One of the most conspicuous deficiencies of general economic theory, from the point of view of the periphery, is its false sense of universality […] An intelligent knowledge of the ideas of others must not be confused with the mental subjection to them from which we are slowly learning to free ourselves. (Prebisch cited in Toye and Toye, 2004: 131)
This is analogous to what Friedrich List had advocated against Smith and Ricardo’s theories of free trade in the first quarter of the 19th century. The project of decolonizing knowledge was thus entering the world theoretical scenario of political and scholarly controversies in a manner that created immediately two irreconcilable sides: Western industrialized countries, on the one hand, and former colonies, mainly agricultural and raw materials exporters, on the other. Toye and Toye defined the firm reaction that followed the exposure of the Prebisch–Singer thesis as the ‘North American critical onslaught’ (2004: 130–134). North American economists attempted to delegitimize the Prebisch–Singer thesis by affirming the inaccuracy of its statistical base or the inconsistency of its explanatory multi-factorial model. The leading figure of the Northern camp, Walt Whitman Rostow, contributed to dismissing the entire embryonic perspective that was emerging within the United Nations as ‘speculative’. Like the majority of the economists of their generation, Rostow, Prebisch and Singer shared an analogous intellectual horizon. They all passed from studying economic cycles during the 1930s to include long-term trends in the analysis of economic development by the end of the Second World War. The politics of their heuristic questions, nonetheless, were radically diverse. They were determined and shaped by opposite political attitudes towards the colonial question.

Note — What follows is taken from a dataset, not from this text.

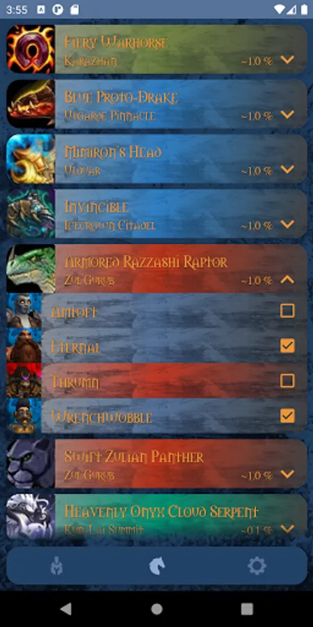 This tool is designed to help you keep track of daily and weekly mount lockouts in the game World of Warcraft. Add your character and get a checklist of every mount you don't have which can be farmed daily or weekly.

In a paper, split into two articles successively published at a distance of one year from each other by the Economic History Review, Rostow (1950, 1951) demonstrated awareness of the political pressures on world trade coming from the changing configuration of power in world politics. He declared that his intention was ‘to indicate the schismatic state of economic theory and analysis with respect to the terms of trade’, since
movements in the terms of trade hold a central position in the analysis of current international (and inter-sectorial) economic problems and in the formation of policy designed to solve them. The issues involved in the structural adjustment of world trade, which has been proceeding over recent years, are not likely to be transitory in nature, although their form and impact on different portions of the world economy will certainly change. (Rostow, 1950: 1–2)

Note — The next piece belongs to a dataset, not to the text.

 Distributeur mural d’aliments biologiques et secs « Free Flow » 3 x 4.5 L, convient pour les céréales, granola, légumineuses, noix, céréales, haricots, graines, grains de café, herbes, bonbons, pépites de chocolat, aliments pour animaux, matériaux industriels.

Among his major sources, a particular place was occupied by the same statistical body undersigned by Hilgert and his colleagues at the United Nations, which Singer had used too. But the core question that drove Rostow was elaborated entirely within the logic of hegemonic transition. As Gilman (2003) points out, Rostow’s intent consisted in the use of economic history to suggest international trade policies that could effectively enhance the newly established US power at the world level, directly involving the reoccupation of the spaces uncovered by the relative collapse of the European colonial empires. Rostow’s theoretical problem was provoked by the rise of the US (and its structures of knowledge) to world hegemony following the decline of the British economy in the wake of the demise of the latter’s colonial empire. The question was: how, in the inter-war period, had Great Britain dissipated the advantages accruing from highly favourable terms of trade? Rostow (1950: 20) brought in a vast ‘array of variables’ and called for a closer interaction between economists and historians in order to construct an interpretative model that could grasp the ‘continuous interplay of short-term and long-period forces’. Significantly, the history and the economics he relied upon did not envisage the colonial question at all.

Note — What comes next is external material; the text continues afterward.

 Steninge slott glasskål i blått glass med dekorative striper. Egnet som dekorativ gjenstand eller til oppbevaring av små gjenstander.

Modernization theories were effective in crystallizing into method the North American critical onslaught. By means of a radical state-centrism it completely negated the colonial question. The notion that each nation-state corresponded to an autonomous political entity whose space was defined by the geo-historical borders within which a distinctive society evolves through time, was hardly unfamiliar to Western thinking. Yet, the formalization of the nation-state as the unit of analysis in American social sciences in the 1950s marked the construction of a distinctive normative epistemological strategy that permitted a cogent notion of replicability (Agnew, 1993; Bach, 1982).
Replicability, within the frame of modernization, is something different from the simple aspiration of mimicry. It holds out the promise that the historical experience of the more advanced nation-state could have been replicated elsewhere in space and time, that is, ad libitum and urbis et orbis. Obviously, the majority of modernization theorists in sociology and in international-relations theory were well aware of the global dimension of world politics. State-centrism and methodological nationalism within the horizon of modernization did not mean naively ignoring the single world context within which political entities exist. Rather, it meant that the world context for the historical development of a distinctive society within a single nation-state had to be thought in a manner that could not interfere with the presumed replicability of the path to modernization. It had to be thinkable, before being rendered feasible through policies, that the capacity of each state to modernize would depend exclusively on the correct implementation of the packaged model of modernization, and it not being disturbed by whatever possible external interference.
This establishment of the irrelevance of colonial connections actually meant the domestication, both in the performative and etymological sense, of colonialism in sociological explanation. The negative effects of the colonial relations of power were transmuted into apparent domestic incapacity, or structural obstacles inherent in a particular society, to move from tradition to modernity. This was the hallucinatory and enduring mantra of developmentalism.
Holism or, American Sociology Goes Global
The disciplinary history of sociology concerning the global was almost oblivious to the circumstances in which the first explicit call for the methodological formalization of a global sociology had been expressed, by the new president of the American Sociological Association Wilbert E. Moore (1966), just a few months before his election. This move inaugurated a distinctive trend in American sociology, which, however, did not dent the tradition of methodological nationalism, quantitative methodology and behaviouralism that remained largely hegemonic in the decades that followed. As Steinmetz (2010) has argued, the knowledge transfer taking place from social scientists previously working under the Nazi regime, then as refugee scholars in the US, did not affect the a-historical orientation of American sociology, and historical sociology remained a niche interest from the 1930s to the 1970s.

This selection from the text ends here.